Quantum noise of a Michelson-Sagnac interferometer with a translucent mechanical oscillator

Quantum fluctuations in the radiation pressure of light can excite stochastic motions of mechanical oscillators thereby realizing a linear quantum opto-mechanical coupling. When performing a precise measurement of the position of an oscillator, this coupling results in quantum radiation pressure noise. Up to now this effect has not been observed yet. Generally speaking, the strength of radiation pressure noise increases when the effective mass of the oscillator is decreased or when the power of the reflected light is increased. Recently, extremely light SiN membranes ($\approx$100 ng) with high mechanical $Q$ values at room temperature ($⩾$10${}^6$) have attracted attention as low thermal noise mechanical oscillators. However, the power reflectance of these membranes is much lower than unity ($<$0.4 at a wavelength of 1064 nm) which makes the use of advanced interferometer recycling techniques to amplify the radiation pressure noise in a standard Michelson interferometer inefficient. Here, we propose and theoretically analyze a Michelson-Sagnac interferometer that includes the membrane as a common end mirror for the Michelson interferometer part. In this topology, both power and signal recycling can be used even if the reflectance of the membrane is much lower than unity. In particular, signal recycling is a useful tool because it does not involve a power increase at the membrane. We derive the formulas for the quantum radiation pressure noise and the shot noise of an oscillator position measurement and compare them with theoretical models of the thermal noise of a SiN membrane with a fundamental resonant frequency of 75 kHz and an effective mass of 125 ng. We find that quantum radiation pressure noise should be observable with a power of 1 W at the central beam splitter of the interferometer and a membrane temperature of 1 K.

Figure 1

Schematic of a power- and signal-recycling Michelson-Sagnac interferometer.

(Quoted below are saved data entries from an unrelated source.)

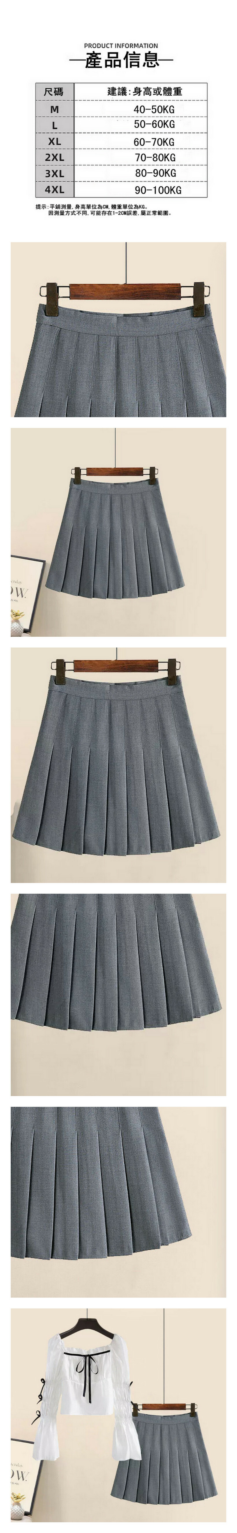 熱推顯瘦百褶裙-短裙單件(灰色)(M-4XL碼) (下單後聯系客服確認尺碼)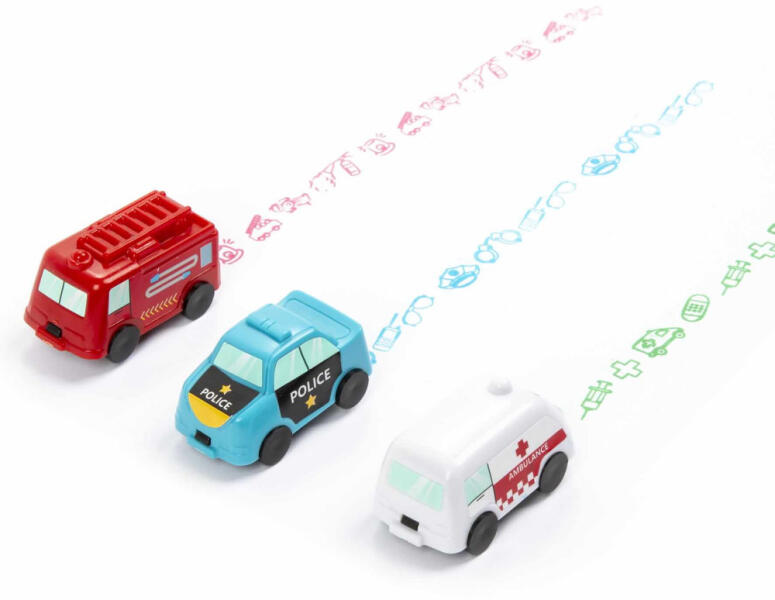 3 db jármű: tűzoltóautó, rendőrautó és mentőautó. Ahogy gurítjuk a kisautókat, a témához kapcsolódó nyomokat hagy. Nagyon jó szórakozás!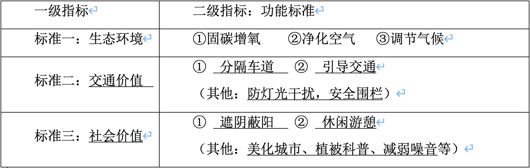 洛杉矶欲拟种某一种行道树,现要对该行道树功能进行多个指标的分析,请你填写两个一级指标、每个一级指标对应两个二级指标。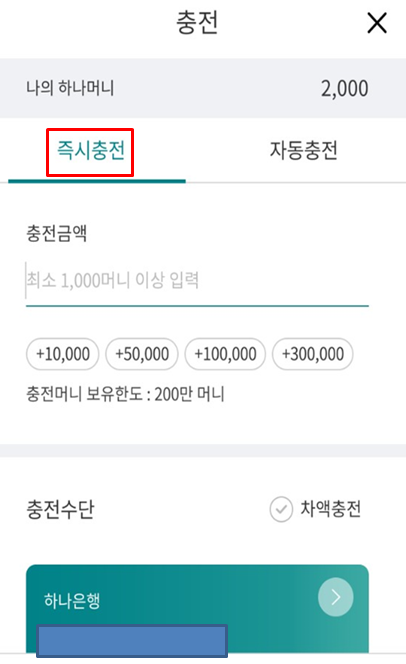그러면 아래의 화면이 나오는데, 좌측의 즉시충전을 터치하고, 원하는 금액을 입력합니다.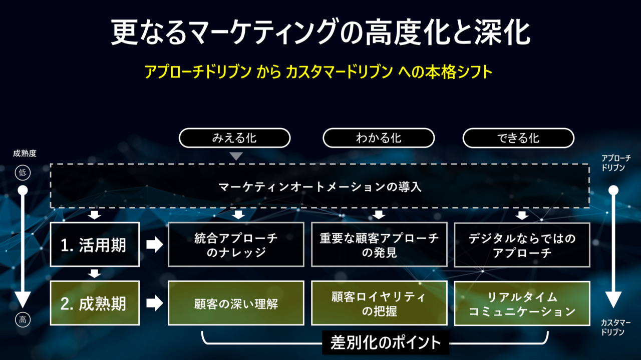 次の段階は「成熟期」です。データから得られるお客様のより深い理解や、お客様のロイヤルティの向上把握の進展、チャネルを連携させたリアルタイムのコミュニケーションが実現される段階です。

The translucent mechanical oscillator forms the joint end mirror of the two Michelson arms. While the displacement of the oscillator is measured via the Michelson mode, the transmitted light is stored in the Sagnac mode. The combination of Michelson and Sagnac modes enables the resonant enhancement of both the laser power and the displacement signal by placing power- and signal-recycling mirrors in the input and output ports of the interferometer, respectively. The parameter $L$ is the length of the Michelson interferometer arms, and $L_{\mathrm{SR}}$ is the distance between the beam splitter and the signal-recycling mirror.

Figure 2

The four arrows represent the incident-light fields ($E_{\mathrm{A}},E_{\mathrm{B}}$) and outgoing interference of the reflected and transmitted light ($E_{\mathrm{C}},E_{\mathrm{D}}$). These four fields give rise to radiation pressure effects at the membrane.

Figure 3

Goal sensitivity of the Michelson-Sagnac interferometer to measure radiation pressure noise based on the parameters in Table . The graphs show the sensitivity with and without signal recycling, as labeled. Thick solid and dashed lines (red) are the radiation pressure noise and shot noise, respectively. Thin solid and dashed lines (blue) are thermal noise at 1 K in the cases of the viscous damping and structural damping [30].